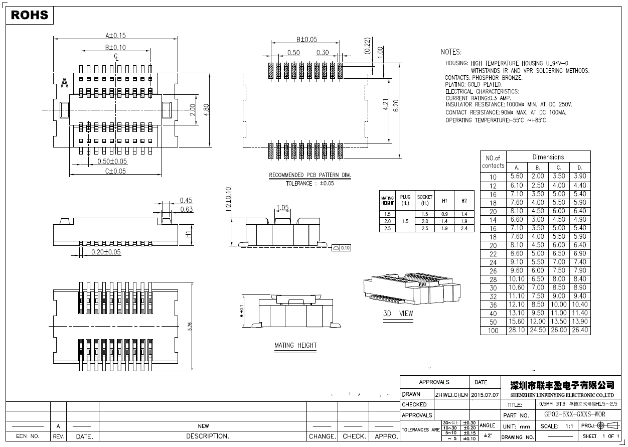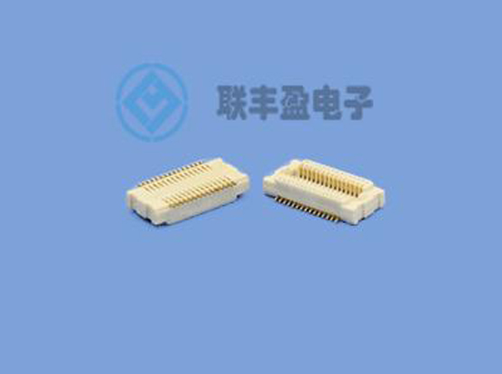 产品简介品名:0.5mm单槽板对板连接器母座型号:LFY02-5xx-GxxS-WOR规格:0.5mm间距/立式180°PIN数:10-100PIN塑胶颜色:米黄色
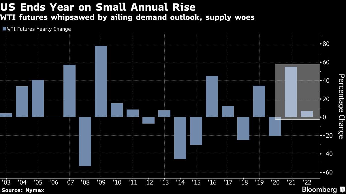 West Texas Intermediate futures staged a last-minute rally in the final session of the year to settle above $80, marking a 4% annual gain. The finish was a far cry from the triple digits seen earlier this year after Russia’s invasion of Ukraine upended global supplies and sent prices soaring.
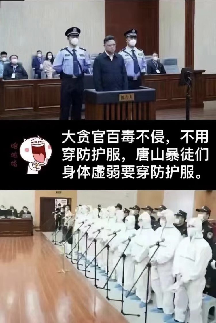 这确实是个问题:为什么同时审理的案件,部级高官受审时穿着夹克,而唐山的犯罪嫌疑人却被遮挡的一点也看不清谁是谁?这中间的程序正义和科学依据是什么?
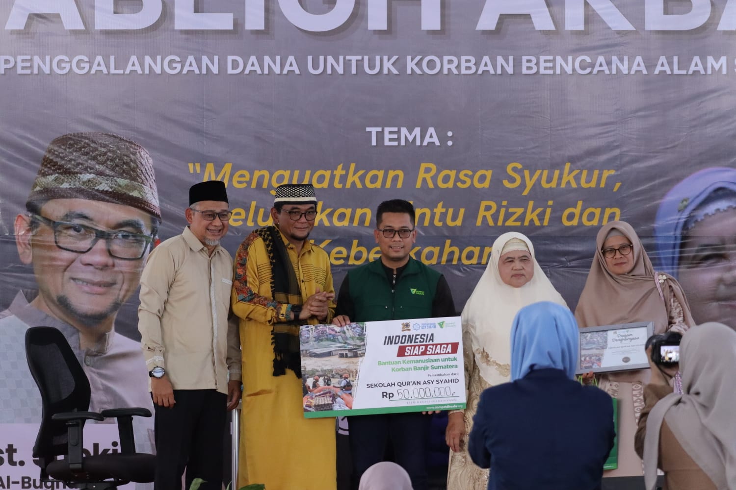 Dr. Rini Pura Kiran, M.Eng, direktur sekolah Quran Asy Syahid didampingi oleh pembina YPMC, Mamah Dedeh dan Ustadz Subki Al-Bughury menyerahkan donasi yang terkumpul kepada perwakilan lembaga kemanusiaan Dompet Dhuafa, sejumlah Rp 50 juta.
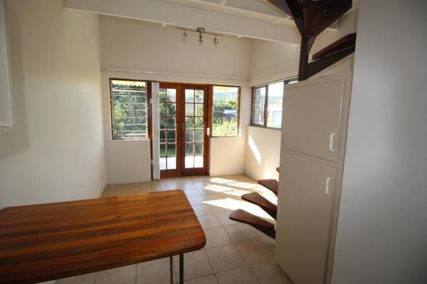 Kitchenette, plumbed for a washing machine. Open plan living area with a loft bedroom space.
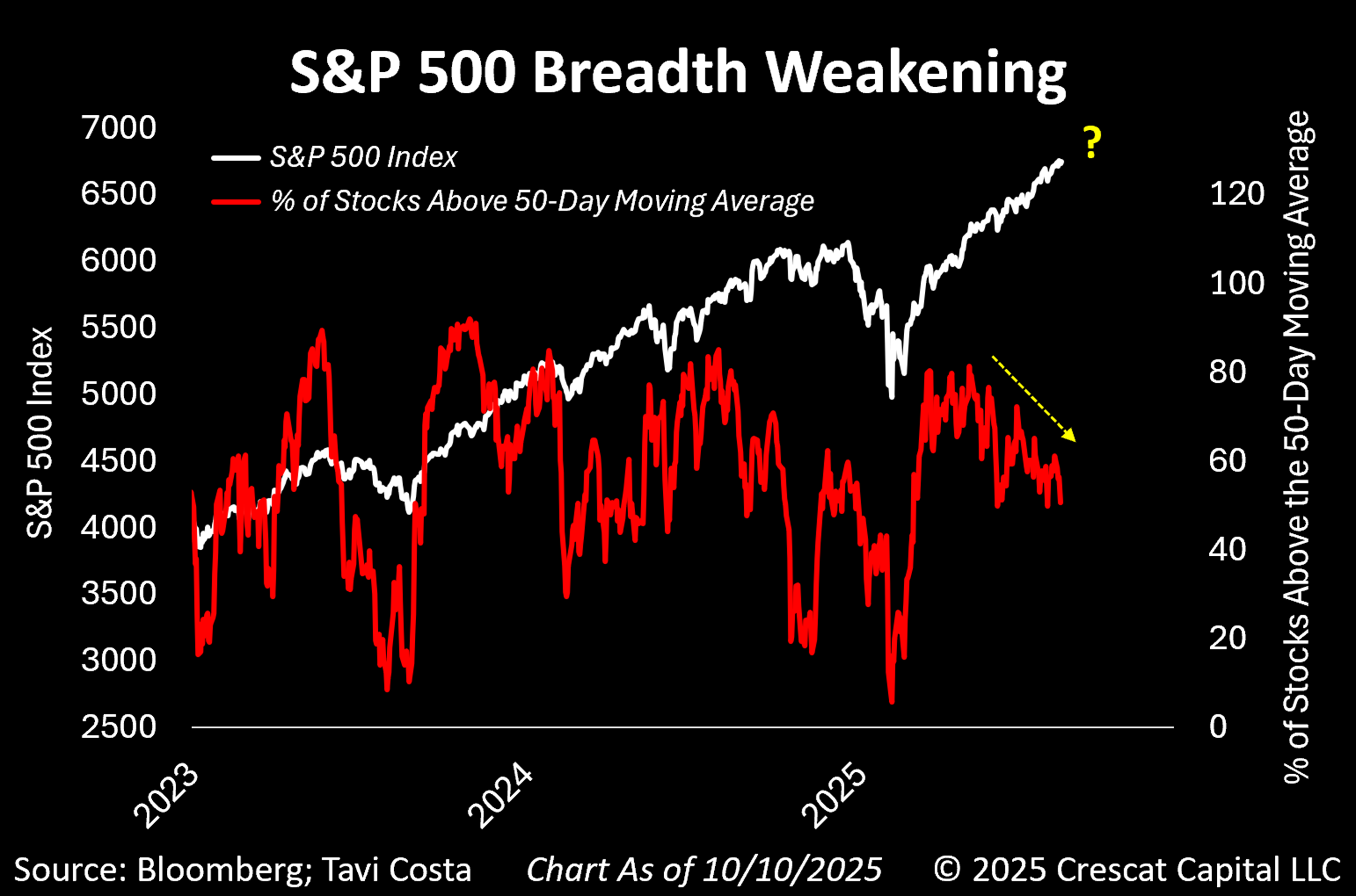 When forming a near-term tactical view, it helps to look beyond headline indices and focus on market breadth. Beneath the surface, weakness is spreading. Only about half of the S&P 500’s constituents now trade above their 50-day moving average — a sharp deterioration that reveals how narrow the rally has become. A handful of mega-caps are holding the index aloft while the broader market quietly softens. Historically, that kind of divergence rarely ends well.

■ ■ ■ ■

**YOUR OBJECTIVE:** In the listing above, find the line with "West Texas Intermediate" and output every line through the one with "这确实是个问题:为什么同时审", exactly, without the pictures.

**ANSWER FOR THIS EXERCISE:**
 West Texas Intermediate futures staged a last-minute rally in the final session of the year to settle above $80, marking a 4% annual gain. The finish was a far cry from the triple digits seen earlier this year after Russia’s invasion of Ukraine upended global supplies and sent prices soaring.
 这确实是个问题:为什么同时审理的案件,部级高官受审时穿着夹克,而唐山的犯罪嫌疑人却被遮挡的一点也看不清谁是谁?这中间的程序正义和科学依据是什么?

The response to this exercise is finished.